Я живу в Монруже.
Новые дома моей улицы еще издают запах пиленого камня.
Мой дом не новый. Известка осыпается с фасада кусками. Опорные перекладины пересекают окна. Крыша служит потолком для последнего этажа. Крючок пристегивает к стене каждую створку ставни, когда не дует. Архитектор не выгравировал своего имени над номером.
Утром улица спокойна. Консьержка подметает, перед своей дверью только.
Проходя мимо, дышу носом, из-за пыли.
Я заглядываю в приоткрытые окна первого этажа. Вижу домашние растения, которые только что полили, сияющие снарядные гильзы и квадратики паркетин, узких, навощенных, делающих зигзаги.
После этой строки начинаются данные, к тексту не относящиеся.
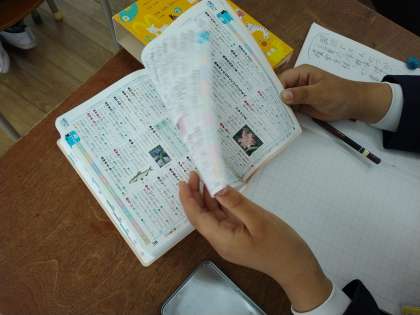 1年生の時に習った五十音を声に出しながら、色んな言葉を調べていました。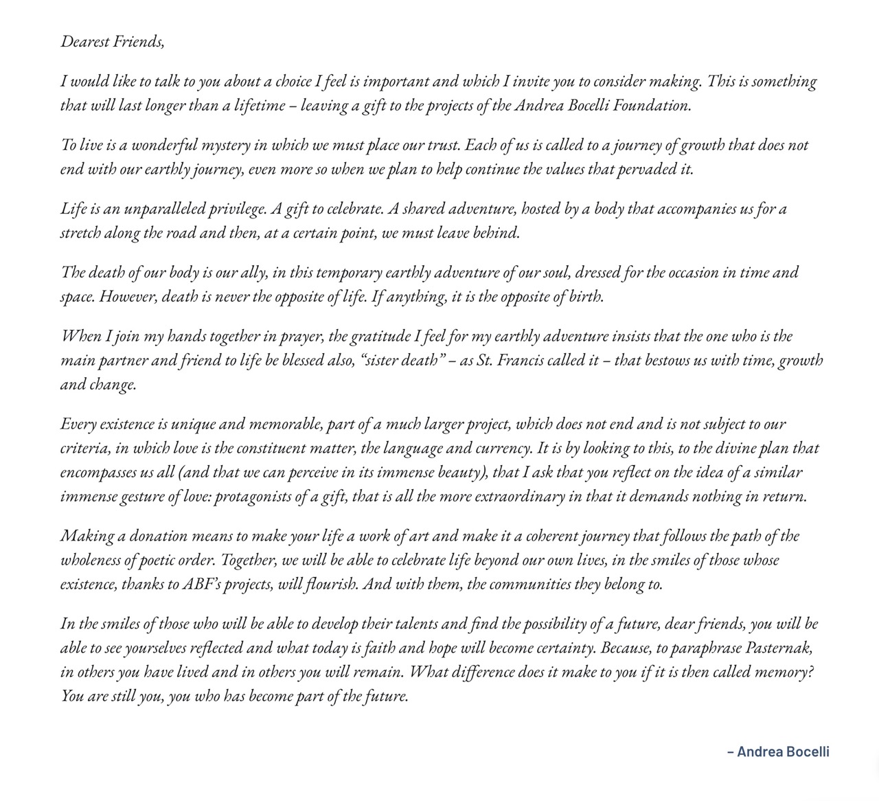 A bequest to the Andrea Bocelli Foundation will nurture talents and bring education, healthcare and hope to entire communities in Italy and around the world. It is a choice that honors your memory and ensures that your commitment to a future of opportunity and beauty lasts forever.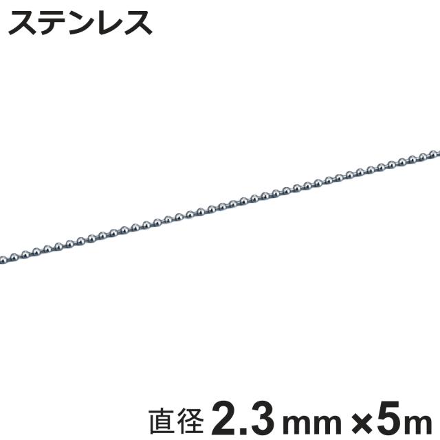ボールチェーン 玉鎖 直径2.3mm 5m ステンレス製 ( チェーン 取り付け 部品 金具 鎖 ストラップ キーホルダー バルブ表示 配管識別 設置 取り付け金具 ステンレス 日本製 )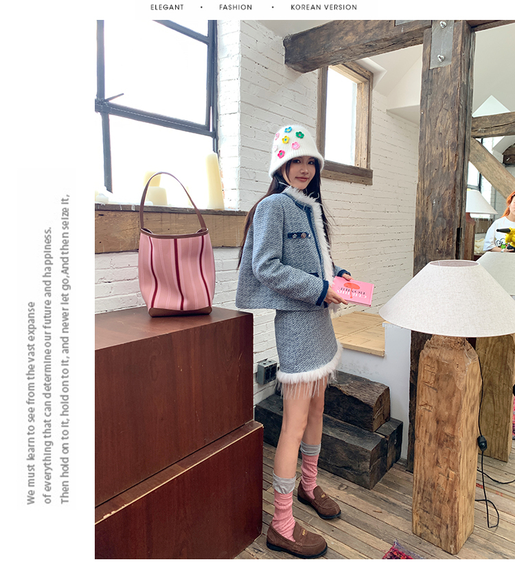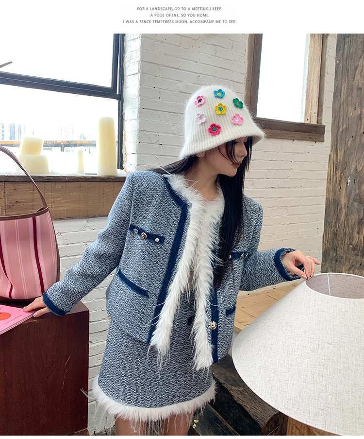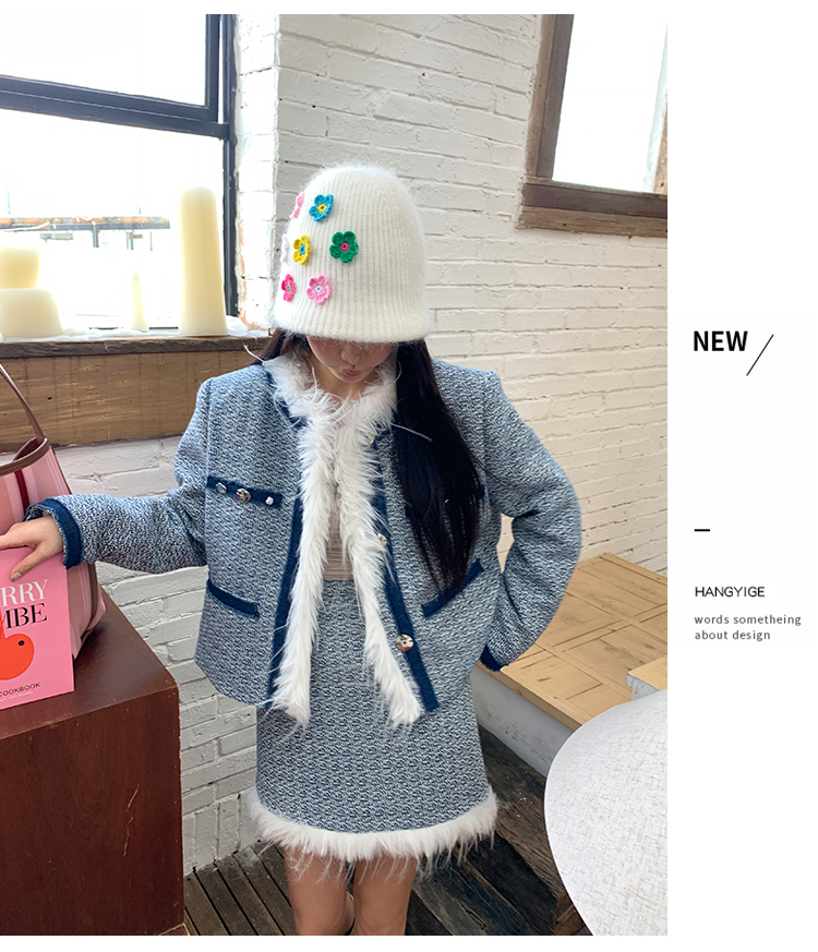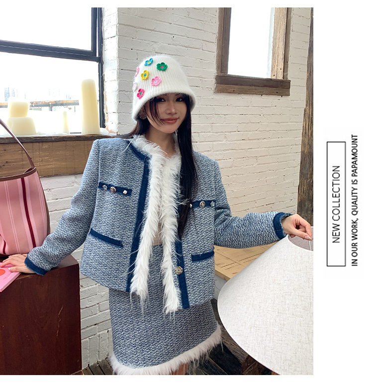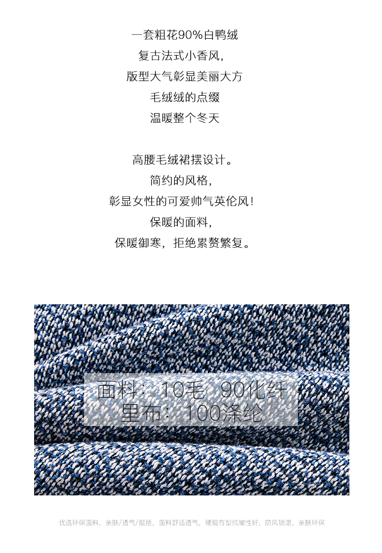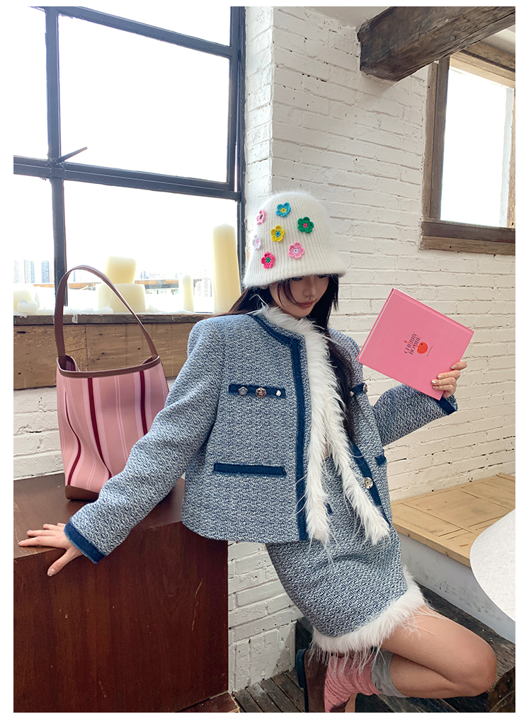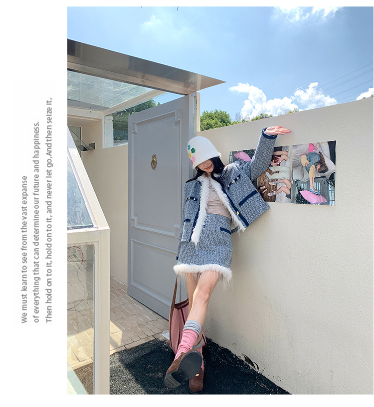 *o-ha-you*【FLKM10637】復古法師冬毛領小香粗花呢羽絨外套高腰半身裙套裝

Когда я встречаюсь взглядом с жильцом, меня охватывает смущение.
Иногда светлое белье движется за занавеской на высоте человеческого роста: кто-то моется.
Я пью кофе, рядом с моим домом, в маленьком заведении. Цинк стойки волнист, по краям. Ощущается старость дощатого пола, вымытого чистой водой. Граммофон, который работал перед войной, повернут к стене. Спрашиваешь себя, чего он здесь делает, не работая.
Хозяин обходителен. Он маленький, как солдат, замыкающий строй. У него стеклянный глаз, который так хорошо имитирует настоящий, что я никогда не знаю, какой из них видит – это действует на нервы. Мне кажется, что он сердится, когда я смотрю в его фальшивый глаз.
Он уверяет меня, что был ранен на войне: говорят, однако, что уже в 1914-м он был одноглазым.
Этот добрый малый постоянно жалуется. Дела не идут. Как бы он ни оттирал бокалы перед клиентами; как бы ни говорил: "Спасибо, господин; до свиданья, господин; дверь можете не закрывать" – все его обходят стороной.
Он бы хотел, чтобы война была забыта. Он вздыхает по 1910 году.
В ту эпоху якобы люди были честными, общительными. Армия была бравой. Можно было отпускать в кредит. Был интерес к социальным проблемам.
Когда он говорит про все про это, оба глаза – настоящий и фальшивый – увлажняются, и ресницы склеиваются маленькими клинышками.
Все, что было перед войной, рухнуло так быстро, что он никак не может поверить, что осталось только лишь воспоминание.
Мы тоже затрагиваем социальные проблемы. На этом он настаивает. Для него это служит доказательством, что война его не изменила.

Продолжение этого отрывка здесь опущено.